La machine a modifié cet ordre des choses. Les ateliers devinrent usines, et l’actionnaire, l’employeur, l’ouvrier remplacèrent progressivement le tâcheron ou l’artisan. 

Des structures légales ont donc été pensées pour encadrer ces nouvelles réalités. Le premier code de commerce de 1807 établit les sociétés anonymes et une autre loi de juillet 1867  libère leur constitution de l'autorisation du Conseil d'État, permettant leur essor et donnant alors un cadre légal à la révolution industrielle, source de prospérité.

 

Nous sommes arrivés à une autre borne du Monde, celle de la révolution numérique et robotique, doublée d’une prise de conscience aigüe des limitations de ressources et de notre responsabilité envers les générations futures.

Le cadre légal des entreprises doit par conséquent être adapté pour qu’elles puissent saisir tout le potentiel de ces nouvelles opportunités. Et ce dans tous les territoires car les nouveaux paradigmes bouleversent la donne géographique aussi. 

 

Marx disait que le moulin à bras avait entraîné le pouvoir du suzerain et la machine à vapeur le capitalisme industriel. Que dirait-il aujourd’hui du robot ? Sans être grand clerc, il ne douterait pas qu’il transforme les rapports de force et de sens dans l’entreprise.

 

La loi Pacte est le maillon d’une chaîne dans la continuité de ses aînées.

 

L’entreprise est trop souvent caricaturée, réduite à un compte d’exploitation et jugée sur des critères strictement financiers.

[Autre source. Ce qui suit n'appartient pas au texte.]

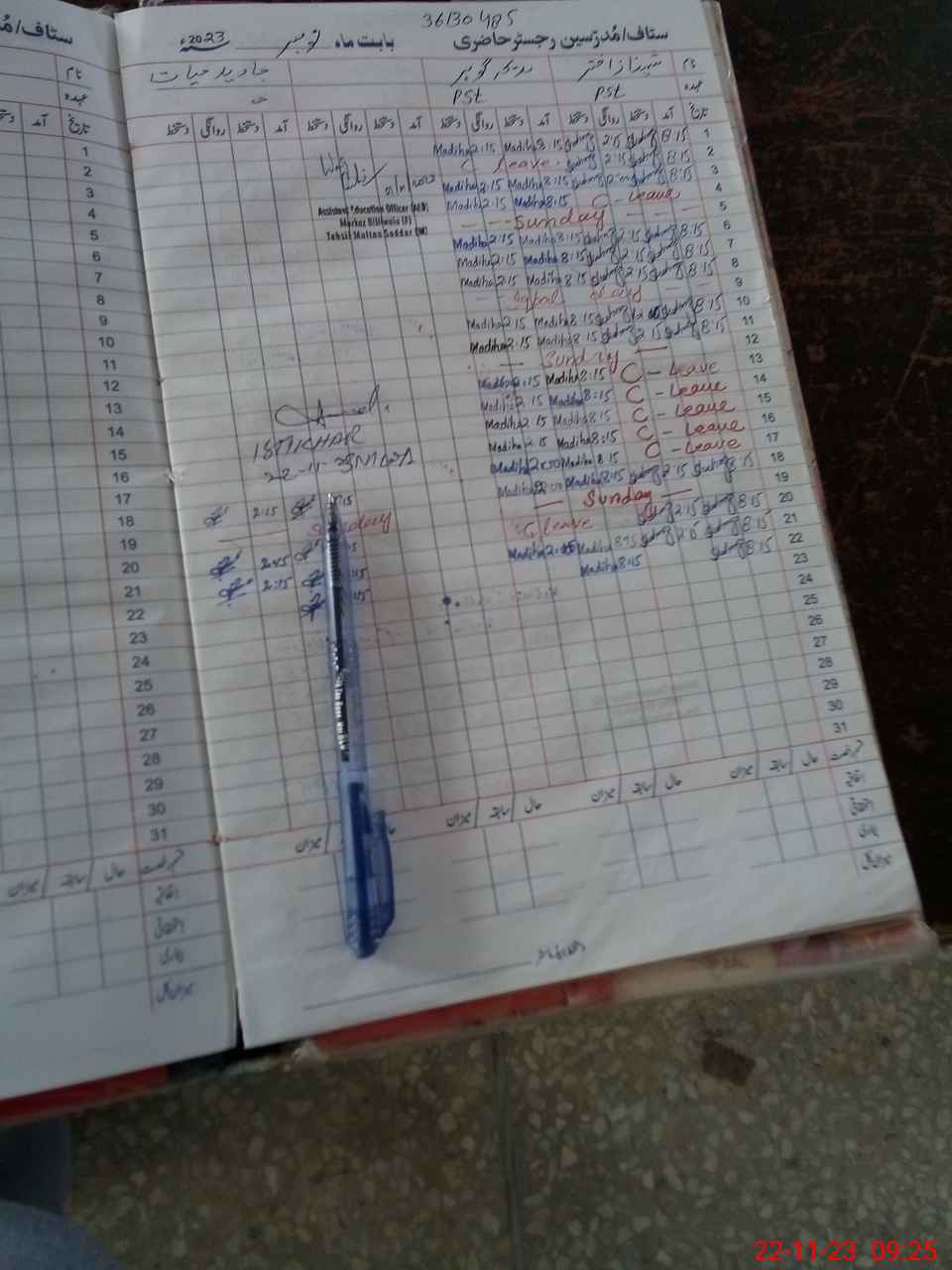 | Name: SH**** AK**** Designation: (School Headmaster's/Headmistress's) PST Phone/Cell Number: 03**** |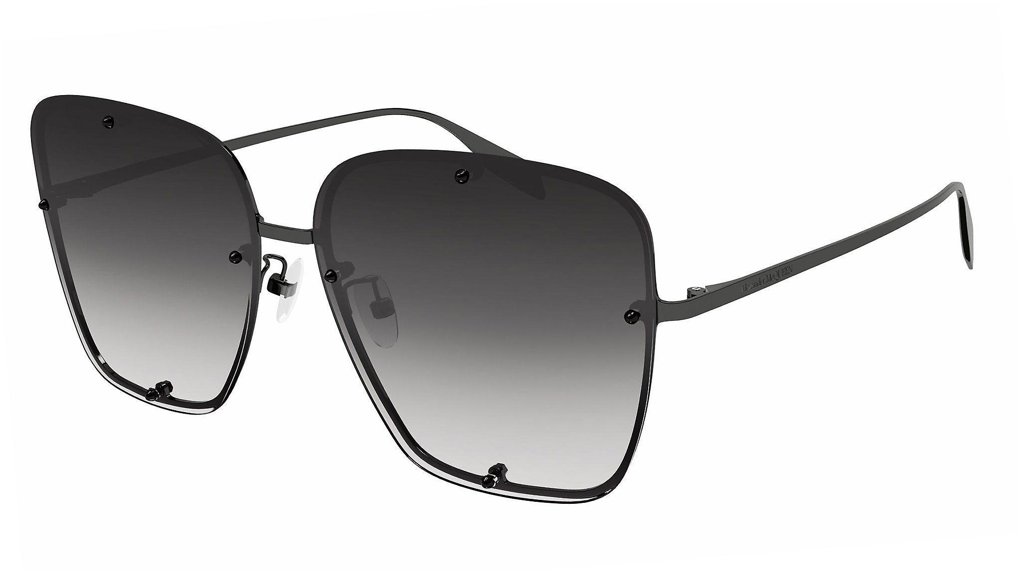Occhiali da sole Alexander McQueen linea Icons modello 0364S, variante colore 001 rutenio scuro lucido con lenti color grigio sfumato.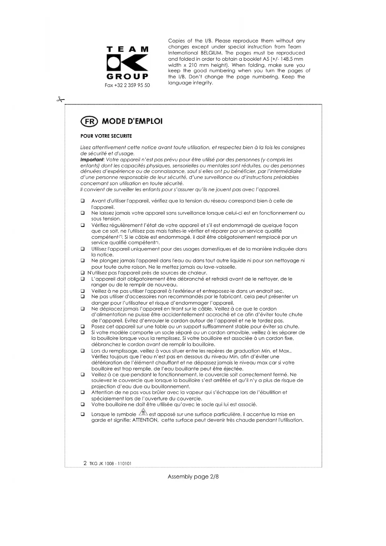 Retrouvez gratuitement la notice de l'appareil TKG JK 1008 KALORIK au format PDF.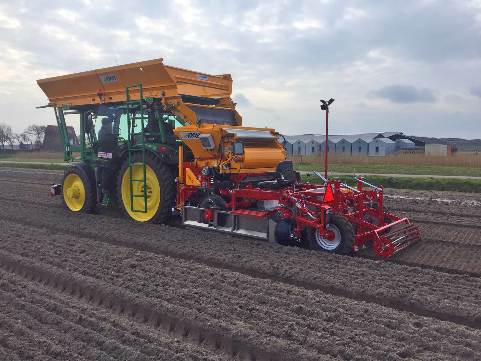 Most lilies are now in it. At Hulsebosch Flower Bulbs B.V. in Den Helder this year for the first time with an M.H. MP 1800 planting machine. The multiplanter is equipped with the latest planting vessel and with almost every conceivable option. Automatic spirit level- and plant depth determination, lelieverdeelset, Cremer Tel-O-Scope counting unit with Multi-Tronic Synchrodrive control, vibrating ankle strap etc., etc..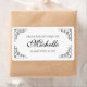 Elegant black and white Made with love by / From the kitchen of food labels. Stylish script typography template with ornate swirly borders. Classy design with custom colour background. Handy DIY kitchen sticker tags for homemade cooking and baking products like Christmas cookies, sweets, cupcakes, candy, cakes, Holiday treats, jelly, honey etc. Vintage country chic style canning wrap. Big extra large size.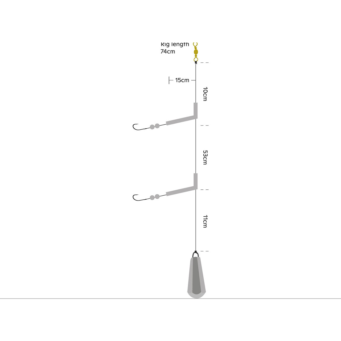 double spreader for flounder. Four sizes with 0,70mm line and #1/0 long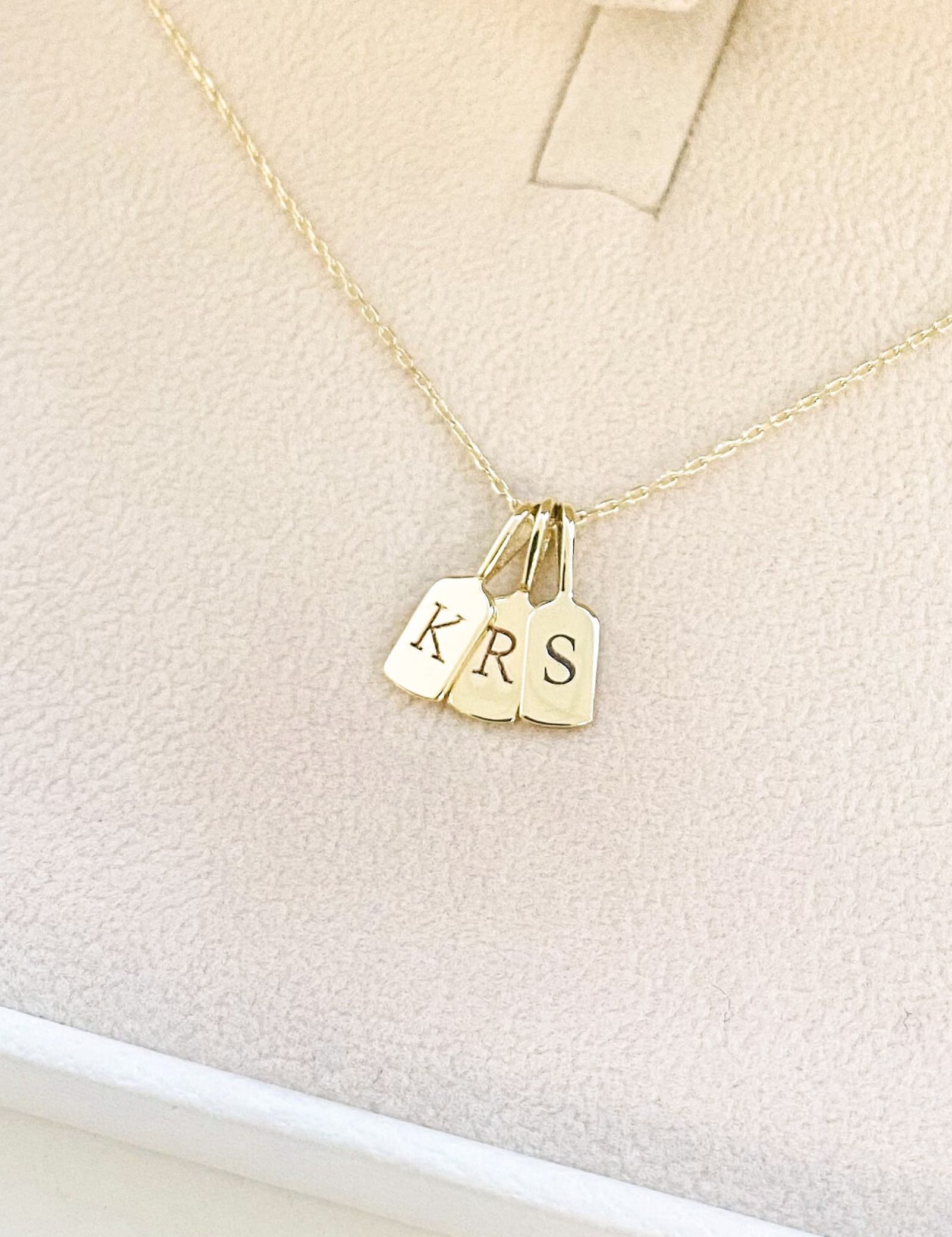 The delicate typewriter-style font allows it to hang as a single charm or be layered with other Luna Letters, creating a personalised piece. Available as a standalone charm or with a solid gold chain of varying lengths, it's a lightweight yet distinctive accessory.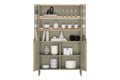- Materiaal: 70% gelamineerde meubelplaat & MDF, 20% glas, 10% massief beukenhout (poten/handgrepen)

Et pourtant, les entreprises vont bien au-delà de leur squelette de chiffres, et sont une noria d’aventures humaines.

 

Dans le creuset des entreprises, se mixent les cultures d’ici ou d’ailleurs, s’inventent les mots importés d’autres pays : le havage des mines vient de l’allemand ; l’écubier des chantiers navals, du portugais ; l’algèbre de l’IA, de l’arabe ; la toutenague des fondeurs, du persan...

Dans le creuset des entreprises, se forgent les amitiés à l’occasion de défis techniques ou de batailles commerciales.

Dans le creuset des entreprises, coulent les sources d’inspirations professionnelles comme l’amour du métier transmis par les seniors, ou l’éducation aux nouvelles technologies par les plus jeunes. Ces échanges permanents de savoirs et d’expériences font des entreprises des lieux privilégiés de brassage social.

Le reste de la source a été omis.